Tuesday 9 November 2010

Rebel clashes in the Sahara


REBEL protesters in Morocco have been attacked by live bullets, tear gas canisters, truncheons, stones and water cannon, it is being reported.

Western Sahara's independence movement said on Tuesday 11 people had been killed in clashes with Moroccan security forces.

Reports Reuters: "Western Sahara, a former Spanish colony which was annexed by Morocco in 1975 sparking Africa's longest-running territorial dispute, was the scene of violent clashes on Monday when Moroccan security forces raided a protest camp."

It says a statement released on Tuesday by the Polisario independence movement in Algeria, where it has its headquarters, said 11 people had been killed in Monday's clashes, 723 were wounded and 159 others had disappeared and were feared dead.
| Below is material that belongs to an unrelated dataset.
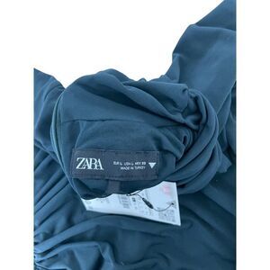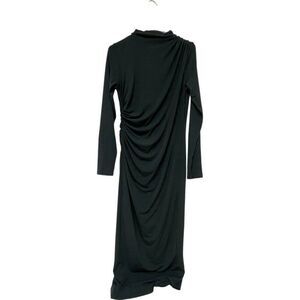 Zara Women Maxi Dress L Dark Gray Ruched Asymmetrical Long Sleeve 3067/270 NWT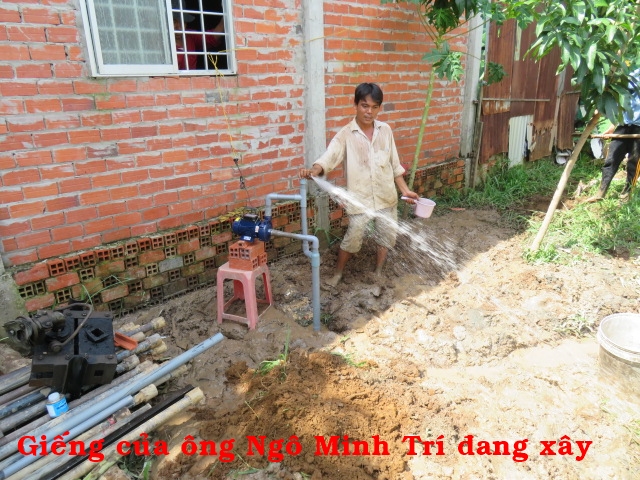 Mr. Ngo Minh Tri, 33 years old, lives in Cau Tre, Binh Thanh Commune, Thanh Phu District, Ben Tre Province. There are 3 people in his family: himself, his wife and their daughter. Every day he and wife hire work whatever odd jobs they could find. They do not own any land; the house does not have fresh water well, so it is very necessary for them to have one for their daily lives.

"The Moroccan forces of aggression used live bullets, tear gas canisters, truncheons, stones and water cannon against peaceful, defenceless civilians," the statement said.

Clashes erupted on the day officials from Morocco and the Polisario were gathering near New York for talks brokered by the United Nations and aimed at breaking the stalemate in their dispute, Africa's longest-running territorial conflict.

The protest camp of thousands of tents near Western Sahara's main city of Laayoune had been there for a month when attacked.

Adds Reuters: "Soon after, several hundred of the people forced out of the camp took their protest to the streets of Laayoune, where they blocked roads with burning tyres, set fire to cars, and threw stones at police."

One protester told Reuters from the scene: "Anger is boiling over. We are in the streets protesting against Morocco."

Western Sahara is a sparsely populated tract of desert about the size of Britain, with rich fishing grounds off its coast and reserves of phosphates, used to make fertiliser and detergent.

Morocco says the territory should come under its sovereignty, while the exiled Polisario Front says Western Sahara is an independent state.

The Polisario waged a guerrilla war against Moroccan forces until the United Nations brokered a cease-fire in 1991.